Universal access to the information highway is one of those things that can’t be achieved without government intervention. Market forces just can’t do it. Indeed, market forces barely exist in some of the places where access is most needed. Left to its own devices, the market would provide amply for those of us with lots of money, but would offer limited access, if any at all, to those living in poverty. (This has been referred to as “dollar democracy”.) It would provide abundant and cheap service to urban dwellers, but would offer limited and expensive options to rural and remote dwellers. The evidence of this disparity in access is most stark at the international level (See Appendix 2 of Sid Schniad’s paper), but it is also present domestically.
Clearly, if one of our goals is to have everyone connected to the public telecommunications network, there is an important role for government to play, in extending connectivity to rural and remote areas and to those who can’t afford the market price, wherever they happen to live.
Before the widespread adoption of telephone service, we recognized the value of affordable access to a public means of universal communication – the postal system. Having replaced postal service as the primary method of distance communication, telecommunications deserves the same treatment: equitable and affordable access for all.
I would like to speak for a few moments on some solutions to this problem of unequal access.
For ordinary citizens, there are two elements of access: first, access to an underlying telecommunications network, and second, access to the Internet itself.

Access to the Telecom Network

Let’s start with the basics: a phone line. For most people, this is a prerequisite for basic Internet access. Other options (via cable television) are being developed, but it looks like telephone access will remain the most economical means of linking to the Internet for some time.
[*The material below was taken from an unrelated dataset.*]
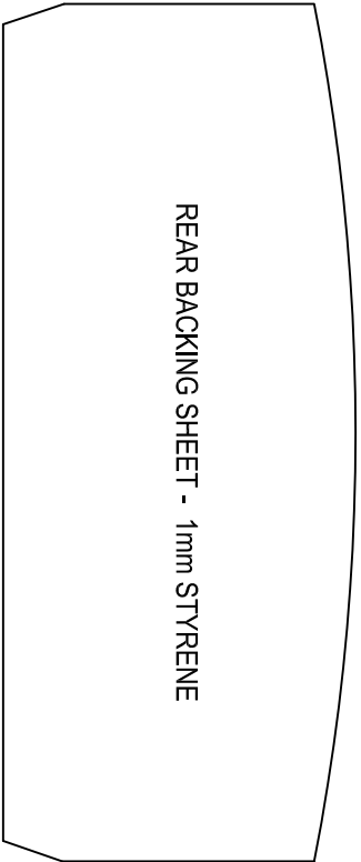
REAR BACKING SHEET - 1mm STYRENE

Affordable Service to Low Income Canadians

Even in Canada, one of the most connected nations in the world, with some of the lowest rates for phone service, there are thousands of households without basic telephone service because they can’t afford it. This problem is expected to grow, as basic local rates rise in order to pave the way for competition and lower long distance rates. Yes, the introduction of competition in Canadian telecommunications has led to higher rates for local phone service. Many Canadians, especially those in the lower income brackets who make minimal use of long distance service, were actually better off under the regulated monopoly.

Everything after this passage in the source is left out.